NOTES TO THE CONSOLIDATED FINANCIAL STATEMENTS (CONTINUED)
NOVEMBER 30, 2010

2.  
SUMMARY OF SIGNIFICANT ACCOUNTING POLICIES (CONTINUED)

Stock-Based Compensation

Stock-based compensation is accounted for at fair value in accordance with SFAS No. 123 and 123 (R) (ASC 718).  To date, the Company has not adopted a stock option plan and has not granted any stock options.  During the six months ended November 30, 2010 and the year ended May 31, 2010, the Company issued 682,500 and 373,333 shares of common stock to employees, respectively.  See Note 8.

Recent Accounting Pronouncements

The Company does not expect the adoption of recently issued accounting pronouncements to have a significant impact on the Company’s results of operations, financial position or cash flow.

3.  
NOTES RECEIVABLE - BUILDING

On May 11, 2009, the Company sold its office building for $260,000 on a note receivable.  The Company received $50,000 down and the remainder is payable in 23 month interest only installments of $1,225 beginning June 11, 2009, with a balloon payment of the remaining principal and all accrued interest due May 11, 2011.  The note will bear interest at 7% per annum and is secured by the real property.

4.  
NOTE RECEIVABLE - RELATED PARTY

During the year ended May 31, 2010, the Company loaned $50,000 to a related party to fund an investment in a film project.  The loan is due on June 14, 2011, and at that time, a total balloon payment of $55,000 is due that will satisfy the principal and accrued interest.

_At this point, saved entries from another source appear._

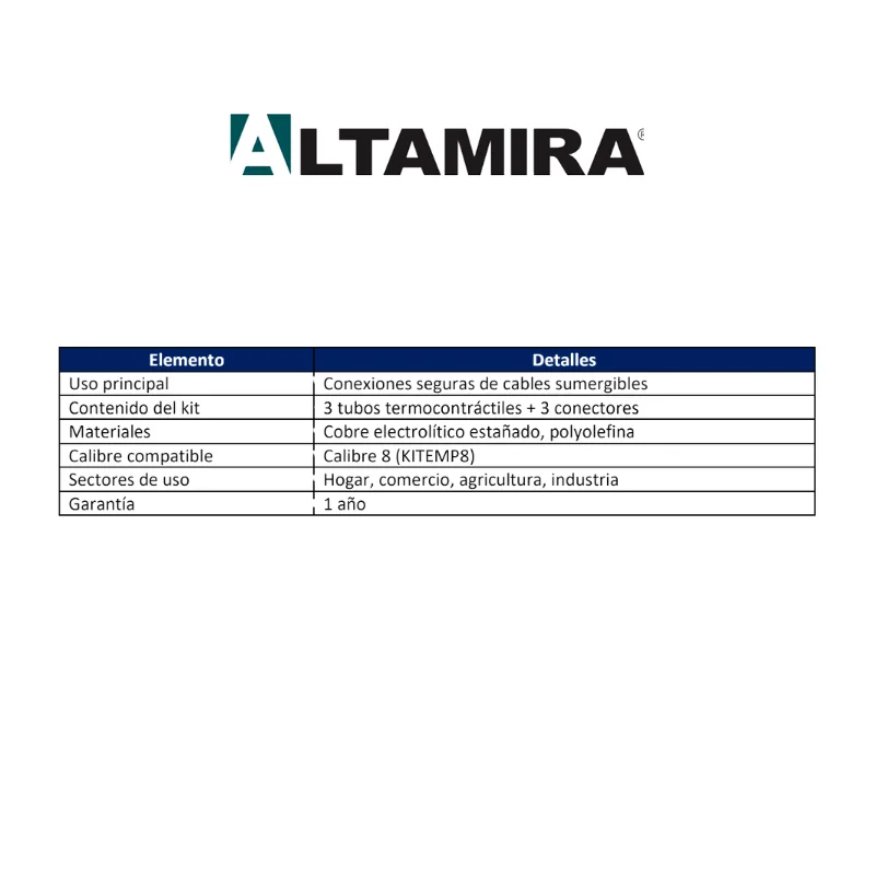 Este kit está diseñado específicamente para unir y aislar correctamente cables sumergibles, garantizando la continuidad eléctrica y protección contra la entrada de humedad.
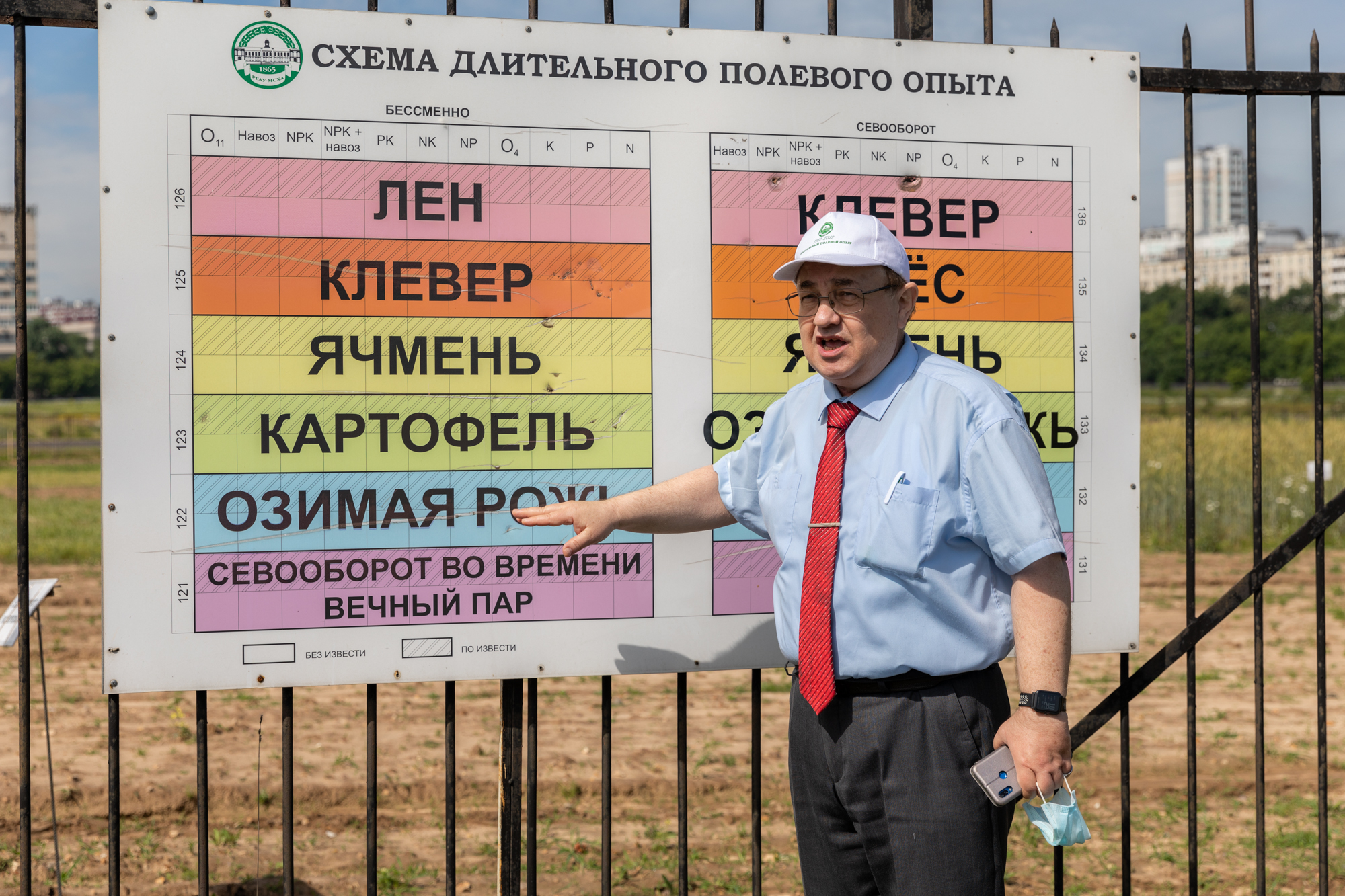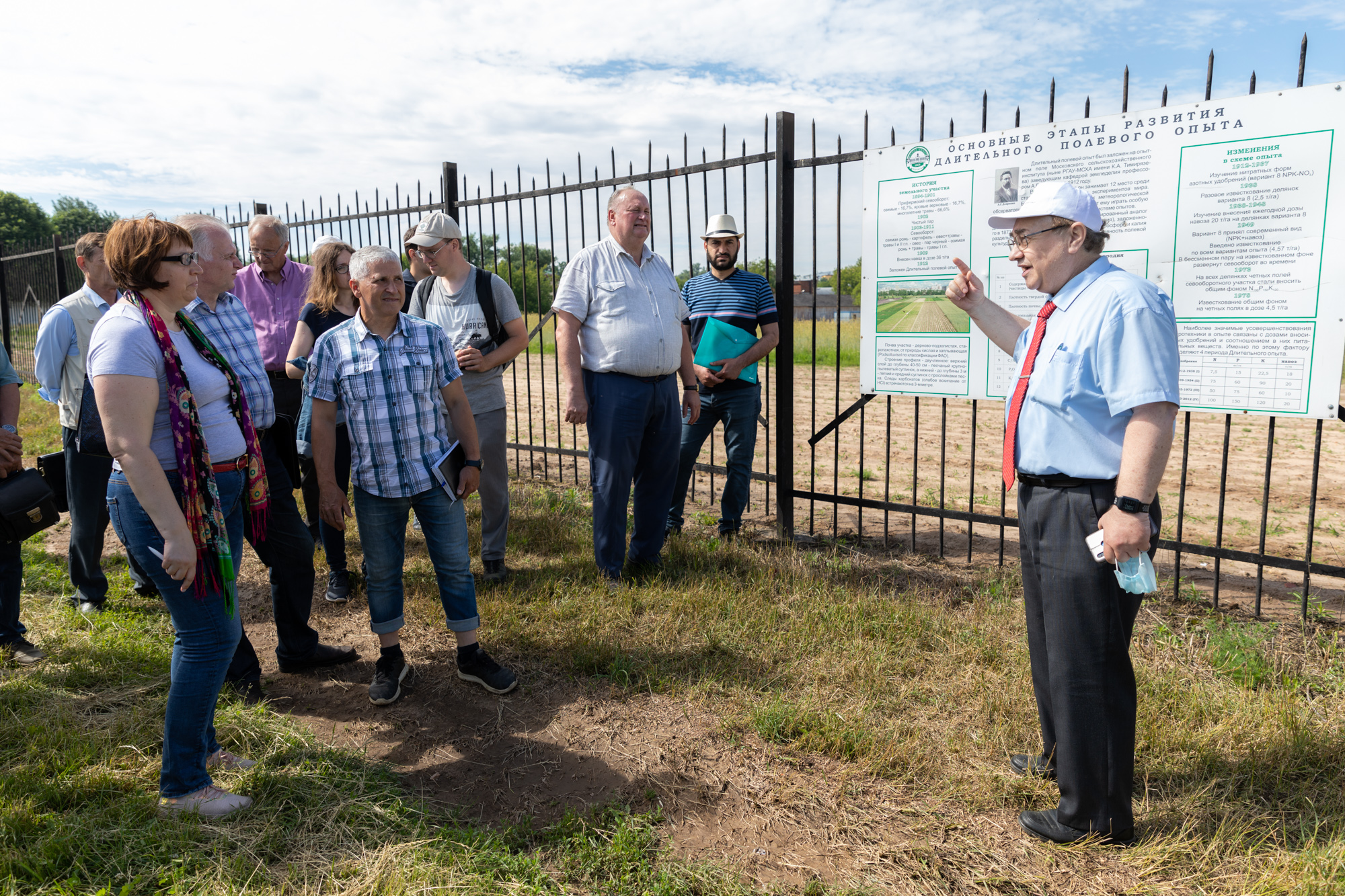 Профессоры О.А. Савоськина и М.А. Мазиров показали рабочей группе длительный полевой опыт, заложенный в 1912 году профессором А.Г. Дояренко. В одной его части бессменно располагаются рожь, картофель, ячмень, клевер, лен и черный пар. На другой же части используется шестипольный севооборот с ротацией тех же культур в определенной последовательности: пар – рожь – картофель – ячмень – клевер – лен.
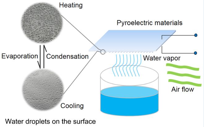此外,基于对温度具有响应性的聚合物-聚偏氟乙烯,研究人员设计了水汽驱动的热释电纳米发电机,它利用水蒸汽的冷凝放热和蒸发吸热实现热释电材料的温度快速波动,不需要额外耗电设备。供电性能好,可获得高达145伏的输出电压,并可以持续驱动低功耗的电子器件,如电子表等。作为一种柔性能源转换器件,可有效收集环境中的废热,转化为电能用于发电,该工作发表在Nano Energy (2016) 22 ,19-26。
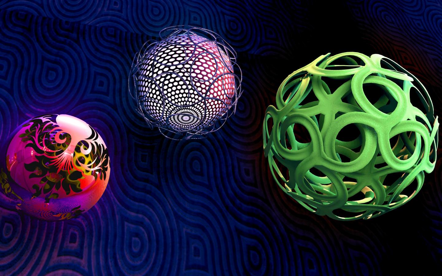 Обои Необычные фигурные шары на синем фоне
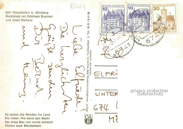 74049085 alte Postkarte Wendelstein Mittelfranken Marktplatz Schoener Brunnen altes Rathaus Fachwerkhaus postalisch gelaufen Erhaltung siehe scans [FriedD77] KatCode: 11110009576151
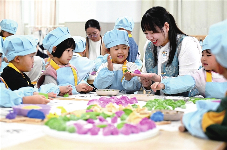 12月19日,在河北省石家庄市新华区第一幼儿园,老师指导小朋友们包饺子。临近冬至,各地开展包饺子迎冬至活动。新华社发 (陈其保 摄)
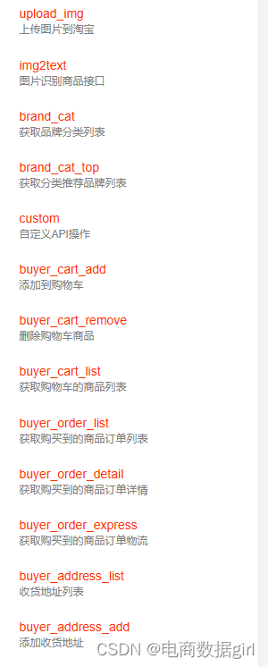 | api_name | String | 是 | API接口名称(包括在请求地址中)[item_search,item_get,item_search_shop等] |
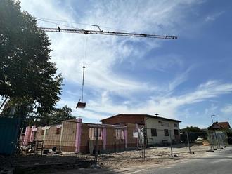 Der Baufortschritt ist gut sichtbar: Die Abbrucharbeiten sind abgeschlossen und die Bodenplatte ist bereits hergestellt. Zurzeit laufen die Beton- und Maurerarbeiten für den Neubau. Die Vergabeverfahren für die Gewerke Zimmerer und Dachdecker sind in Vorbereitung. Die bisher vergebenen Arbeiten liegen alle im geplanten Kostenrahmen. Nach aktueller Planung soll der Rohbau bis Ende 2025 fertiggestellt sein.
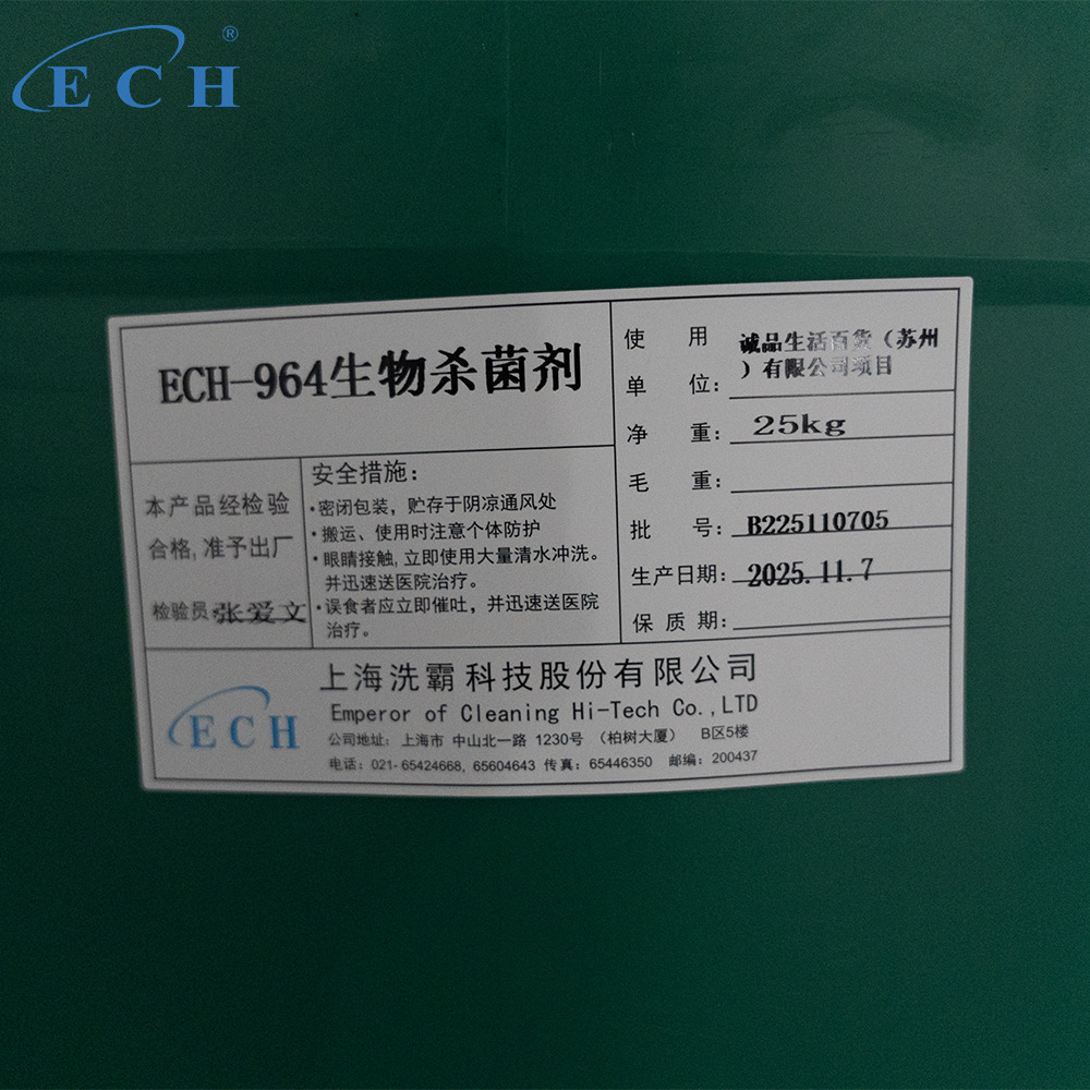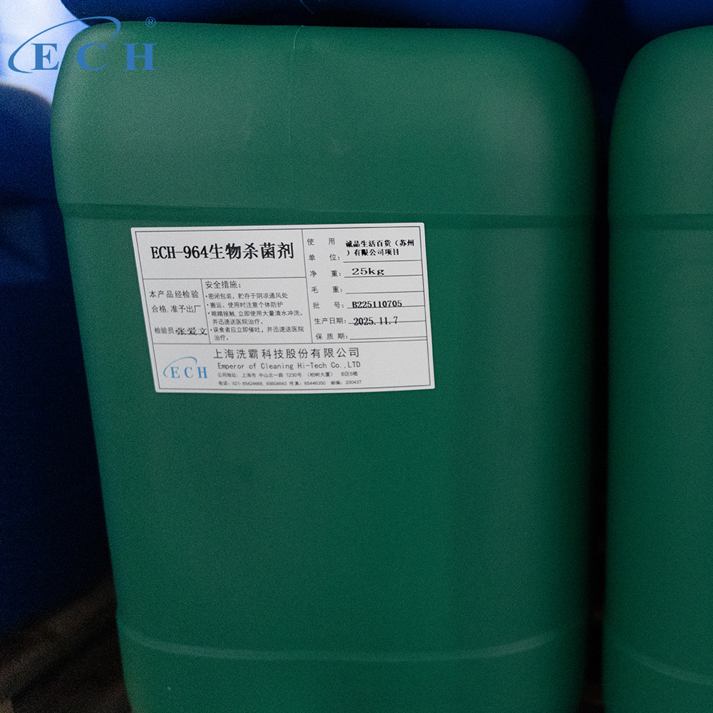 ECH-964 Biological Fungicide is anew-type broad-spectrum water treatment biocide and algaecide independently developed for the problem of microbial contamination in circulating water systems. It integrates high-efficiency bactericidal, algaecidal, and metal corrosion functions, and has excellent compatibility with water treatment auxiliaries such as scale and corrosion inhibitors. It is widely used in industrial circulating water, central air conditioning circulating water, cooling water towers and other systems to effectively solve the problems of equipment corrosion, pipeline blockage and heat exchange efficiency reduction caused by microbial reproduction, and extend the service life of water treatment equipment.
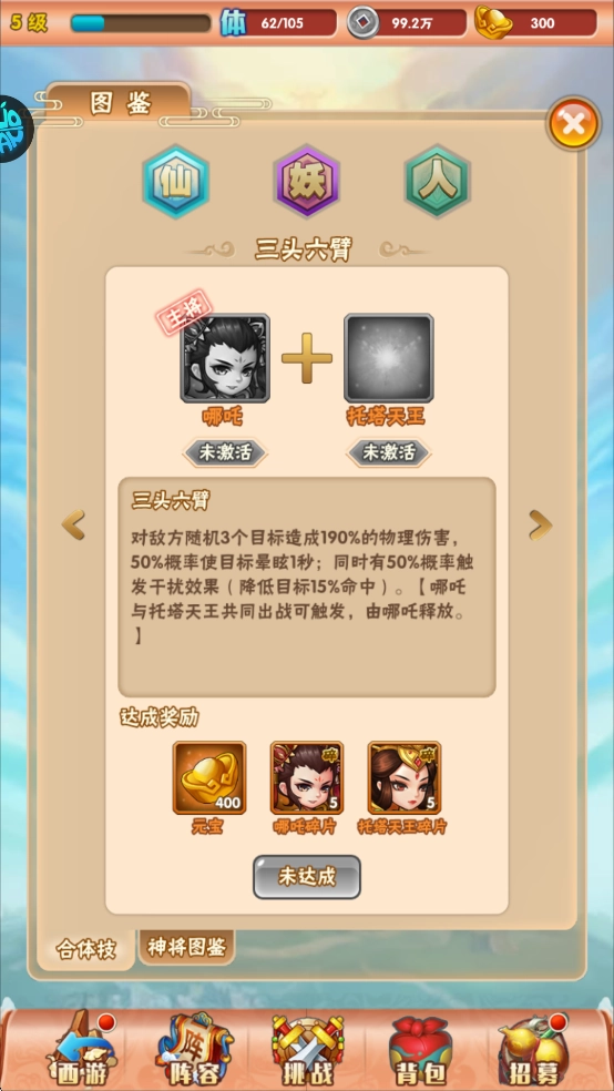 哪吒与托塔天王一同作战时,会由哪吒发动技能,对敌方三个随机选定的目标造成相当于自身攻击力1.9倍的物理伤害,其中半数目标可能陷入1秒的眩晕状态;此外,该技能还有一半几率触发特殊效果,让受击目标的命中率暂时下降一成半。

On June 2, 2010, the Company loaned an additional $50,000 to a related party.  The loan is due eighteen (18) months from the date of issuance and a balloon payment of $55,000, consisting of principal and interest, will be due at that time.

5.  
MARKETABLE SECURITIES

Marketable securities are shown on the balance sheet.  The first-in, first-out (FIFO) method is used to determine the cost of each security at the time of sale.  We consider our investment portfolio and marketable equity investments available-for-sale.  Accordingly, these investments are recorded at fair market value.  As of November 30, 2010 and May 31, 2010, unrealized losses of $19,753 and $19,403, respectively, have been recorded.
 
SUPPORTSAVE SOLUTIONS, INC.

NOTES TO THE CONSOLIDATED FINANCIAL STATEMENTS (CONTINUED)
NOVEMBER 30, 2010

5.  
MARKETABLE SECURITIES (CONTINUED)

Cost and market value of marketable equity securities at November 30, 2010 and May 31, 2010 are as follows:
 
  Cost  
Gross
Unrealized
Gains/(Losses)
 
Market
Value
           
November 30, 2010:
  Equities/options
$ 20,013   $ (19,753)   $ 260
                 
May 31, 2010:
  Equities/options
$ 20,013   $ (19,403)   $ 610
 
6.  
INVESTMENTS

During the year ended May 31, 2010, the Company invested in a company, Affordacars, LLC, in the amount of $16,500.  As of May 31, 2010, the Affordacars, LLC is insolvent and the investment has been written off in full.

7.  
ACCRUED EXPENSES

Accrued expenses consisted of the following as of November 30, 2010 and May 31, 2010:
 
                                  
November 30,
2010
 
May 31,
2010
Accrued professional fees
$ 6,800   $ 12,015
Accrued foreign taxes
  -0-     25,985
Accrued miscellaneous
  -0-     1,185
           
Total accrued expenses
$ 6,800   $ 39,185
 
8.  
COMMON STOCK

The Company issued shares at various times to employees for services rendered.  During the six months ended November 30, 2010 and the year ended May 31, 2010, 682,500 and 373,333 shares were issued to employees for a total value of $397,442 and $280,000, respectively.  The shares were valued at the market price on the grant date.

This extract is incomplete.